Phage representing the 288 sequenced Erbin-PDZ variants from libraries 1 and 2 subjected to gD-tag binding selection (table S2) were pooled and used as the template for a polymerase chain reaction (PCR) that amplified DNA fragments encoding the PDZ domains. The DNA fragments were ligated into an expression phagemid containing the β-lactamase gene and an isopropyl-β-d-thiogalactopyranoside (IPTG)–inducible lac promoter for heterologous protein expression. The ligation produced an open reading frame encoding a fusion protein consisting of a hexahistidine tag, followed by glutathione S-transferase (GST), followed by an Erbin-PDZ variant. The ligation was transformed into Escherichia coli XL1-blue (Stratagene), and individual colonies were used to inoculate 450 μl of 2xYT (yeast extract–tryptone) medium supplemented with carbenicillin (100 μg/ml) in a 96–deep-well plate. Each 96–deep-well plate was used to inoculate a duplicate plate containing 2xYT medium supplemented with carbenicillin (100 μg/ml), kanamycin (25 μg/ml), and M13-K07 helper phage (109 phage/ml) to induce the production of phage particles containing the expression phagemid DNA (New England Biolabs, Beverly, MA). The plates were grown with shaking at 37°C for 8 hours. To the original plate, glycerol was added to a final concentration of 10% (v/v) and the cultures were frozen and stored as stocks for protein expression. In the duplicate plate, the cultures were centrifuged and the phage supernatants were used as templates for a PCR with primers that amplified a DNA fragment encoding the Erbin-PDZ variant and added M13fwd (TGTAAAACGACGGCCAGT) and M13rev (CAGGAAACAGCTATGACC) sequencing primers to the 5′ and 3′ ends, respectively. The PCR fragments were subjected to DNA sequencing and the analysis of four 96-well plates yielded the sequences of 237 unique Erbin-PDZ variants representing a good sampling of the pool of 288 Erbin-PDZ variants from the gD-tag binding selection.

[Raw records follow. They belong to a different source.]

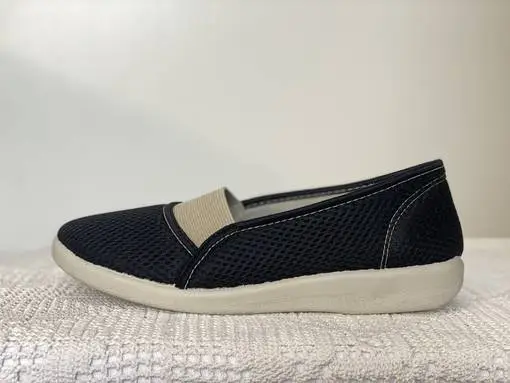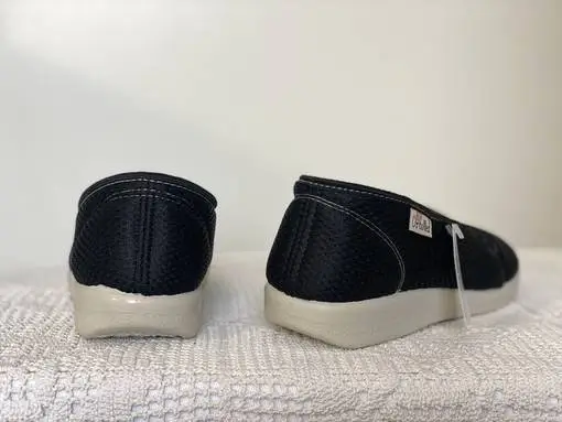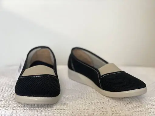 Mustat Ortomed jalkineet ballerina-tyyppisenä ratkaisuna. Koristetikkaukset ovat vaalean beiget, samoin kengän venyke. Pehmeä muotopohjallinen on muotoiltu moneen jalkaan sopivaksi, mutta vaihdettavuutensa ansiosta sen tilalle sujahtaa myös omaan jalkaasi parhaiten sopiva pohjallinen.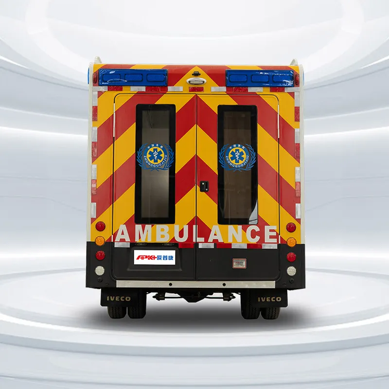APK/Ambulance/Iveco/Diesel. Ambulance provides comprehensive pre-hospital emergency care for critically ill or severely injured patients, the vehicle can be customized with various exterior designs, interior layouts, and medical configurations based on customer requirements.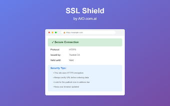 SSL Shield é uma extensão gratuita para o navegador Chrome que permite verificar instantaneamente a segurança de qualquer site. Com essa ferramenta, o usuário pode checar se um site utiliza a criptografia HTTPS, visualizar detalhes do certificado SSL e obter indicadores de status de segurança em tempo real. A interface simples facilita a identificação de conexões seguras, mostrando o tipo de protocolo, validade do certificado e informações do emissor.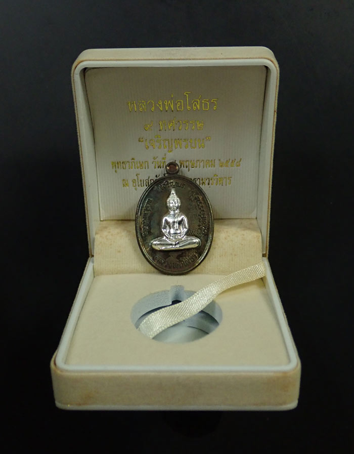 เหรียญรูปไข่เจริญพรบน (รุ่นแรก) หลวงพ่อโสธร รุ่น 9 ทศวรรษ ปี 2558 เนื้อนวะหน้ากากเงิน หมายเลข 23 พร้อมกล่องเดิม (พระสูงขนาด 3.4 ซ.ม.)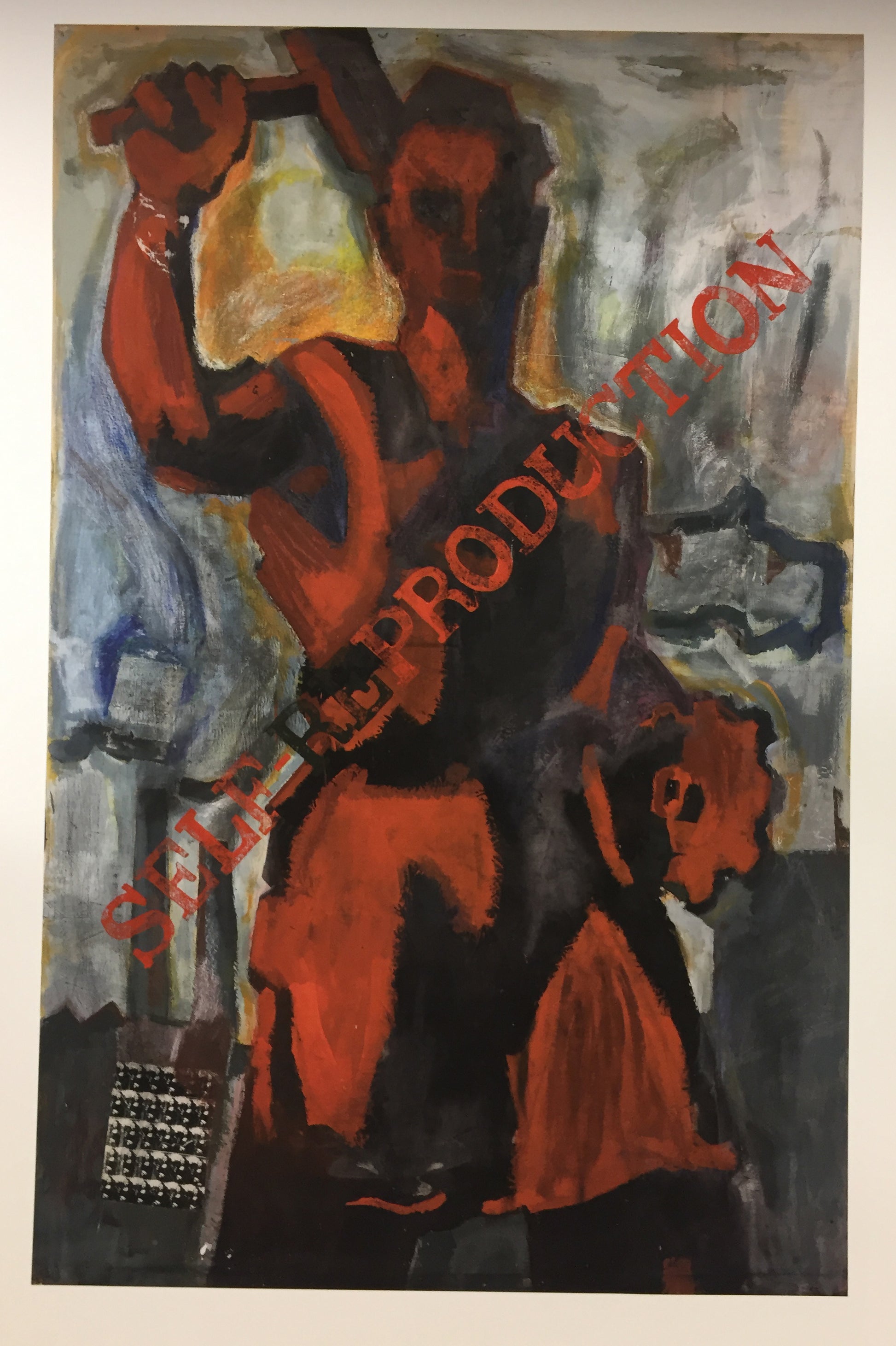 In addition to a replica of the original painting by the Red Metal Worker, Laibach has also created many different versions (reproductions) of this motif. But the present work, titled SELF-REPRODUCTION exists in only four copies.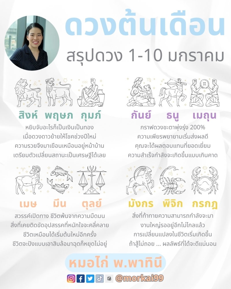 ล่าสุดนักพยากรณ์ดังอย่าง หมอไก่ พาทินี ที่ล่าสุดได้ออกมาเปิดดวงเดือนมกราคม 2569 ถึถง 3 ราศีดวงชะตาพุ่ง 200 % ได้แก่ ราศีกันย์, ธนู,เมถุน โดยมีรายละเอียดดังนี้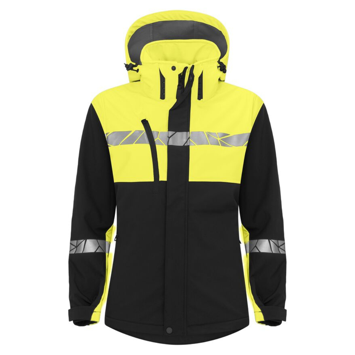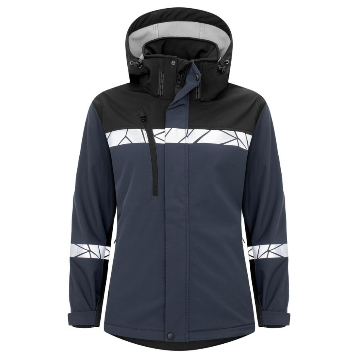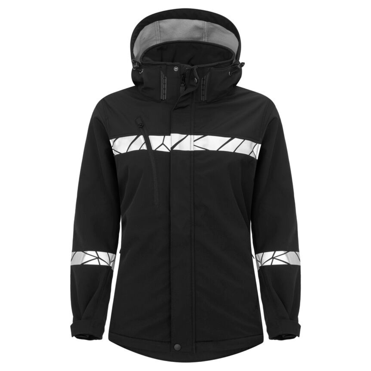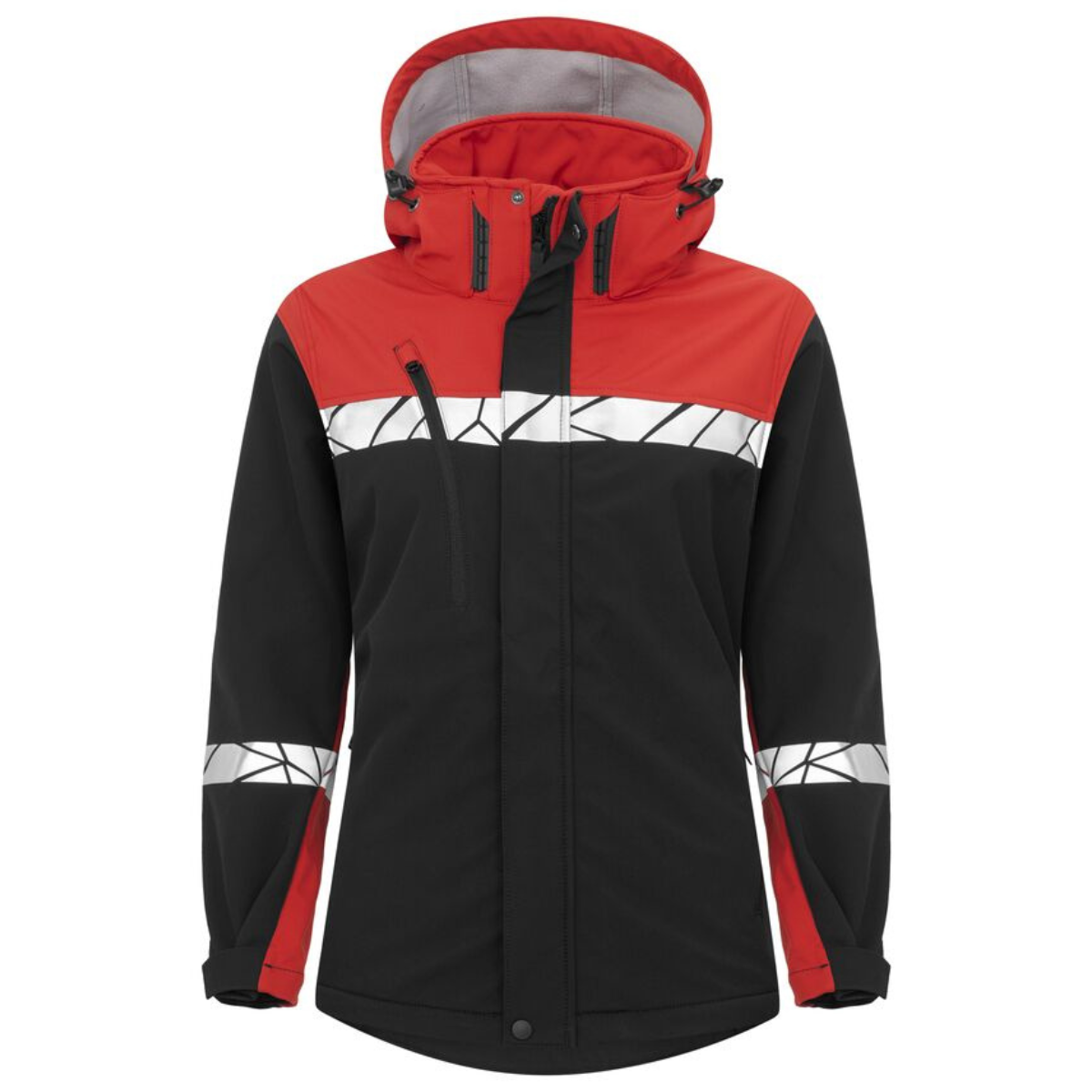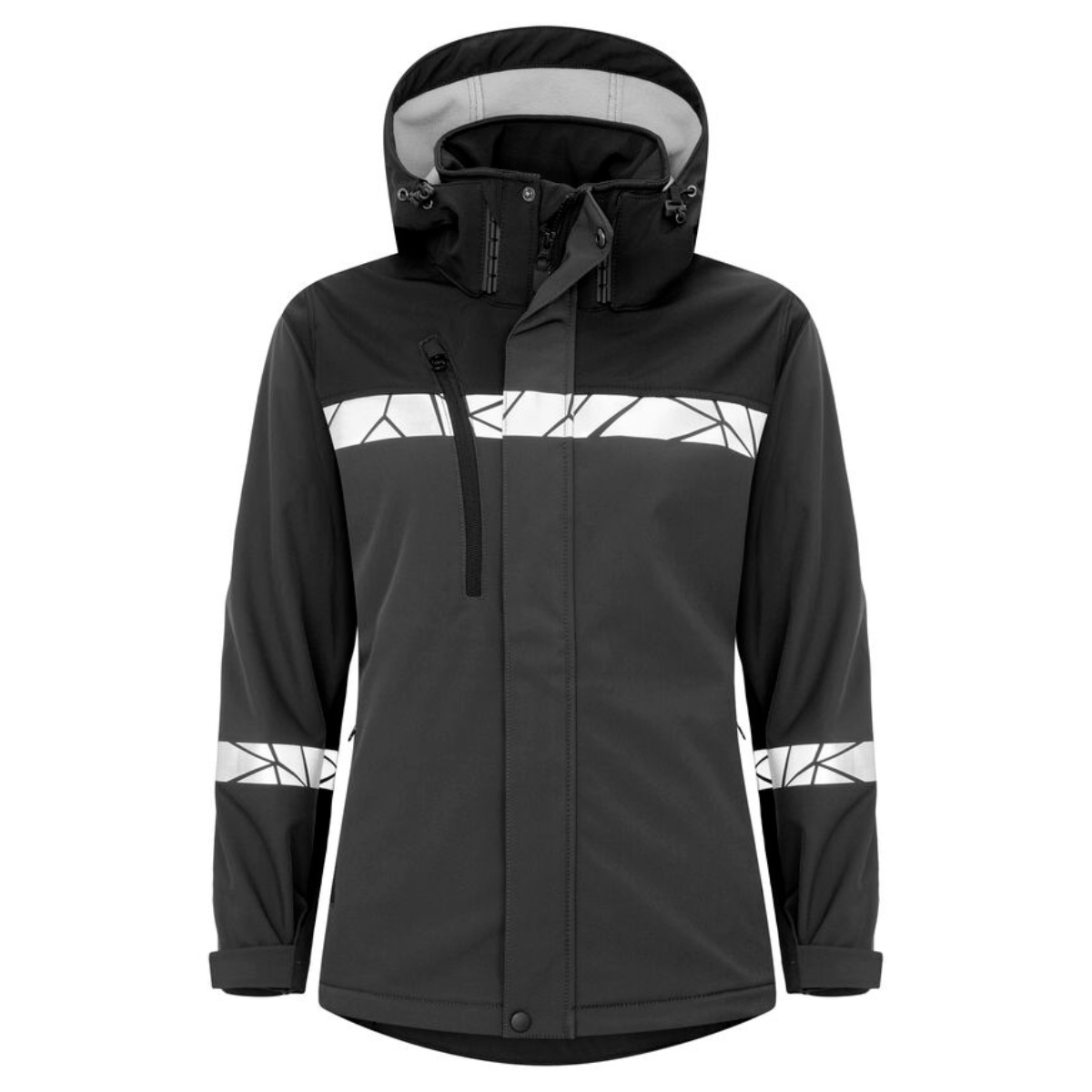 ProJob Softshelljakke Dame – vind- og vannavvisende damejakke med ID-kortlomme, avtagbar hette og glidelåslommer. Kan leveres med logo. Sertifiseringer: ISO 15797, EN 17353, Øko-Tex 100.

For protein expression, frozen bacterial stocks from an original 96-well plate were used to inoculate wells containing 450 μl of 2xYT medium supplemented with carbenicillin (50 μg/ml). After overnight growth, each inoculated plate was used to inoculate a 96-well expression plate with wells containing 1.5 ml of LB medium supplemented with carbenicillin (50 μg/ml) and 0.4 mM IPTG (7 μl of inoculum per well). The expression plates were incubated for 48 hours at 37°C with vigorous shaking. The bacterial cultures were centrifuged at 3500 rpm (2951g) for 10 minutes and the bacterial pellets were stored overnight at –20°C. The frozen pellets were lysed by resuspension with vigorous shaking at 30°C in 300 μl of resuspension buffer [50 mM NaPi (pH 8.0), 300 mM NaCl, 5 mM imidazol, Protease Inhibitor (Roche, 1 tablet per 100 ml), Lysozyme (0.2 mg/ml; Sigma), stock solution of DNase I (deoxyribonuclease I, 0.15 μl/ml of 5000 U/ml; Roche)]. Bacterial lysates were loaded onto Phynexus tips (PhyNexus, San Jose CA) containing 10 μl of Ni-NTA resin equilibrated with 150 μl of loading buffer [50 mM NaPi (pH 8.0), 300 mM NaCl, 5 mM imidazol]. The tips were washed with 150 μl of loading buffer and subsequently with 150 μl of wash buffer [50 mM NaPi (pH 8.0), 300 mM NaCl, 10 mM imidazol]. Bound protein was eluted with 100 μl of elution buffer [50 mM NaPi (pH 8.0), 300 mM NaCl, 250 mM imidazol]. To ensure efficient loading, washing, and elution of the Phynexus tips, pipetting was repeated seven times at each step. All steps were performed on an LM 600 liquid handler with a 96-channel pipette head (Dynamic Devices, Apex, NC). Protein concentrations were measured with a Bradford assay (Bio-Rad Laboratories, Hercules, CA) and the yields of purified protein ranged from 50 to 150 μg per 1.5-ml expression culture. Protein purities were assessed by SDS-PAGE and were typically >90%.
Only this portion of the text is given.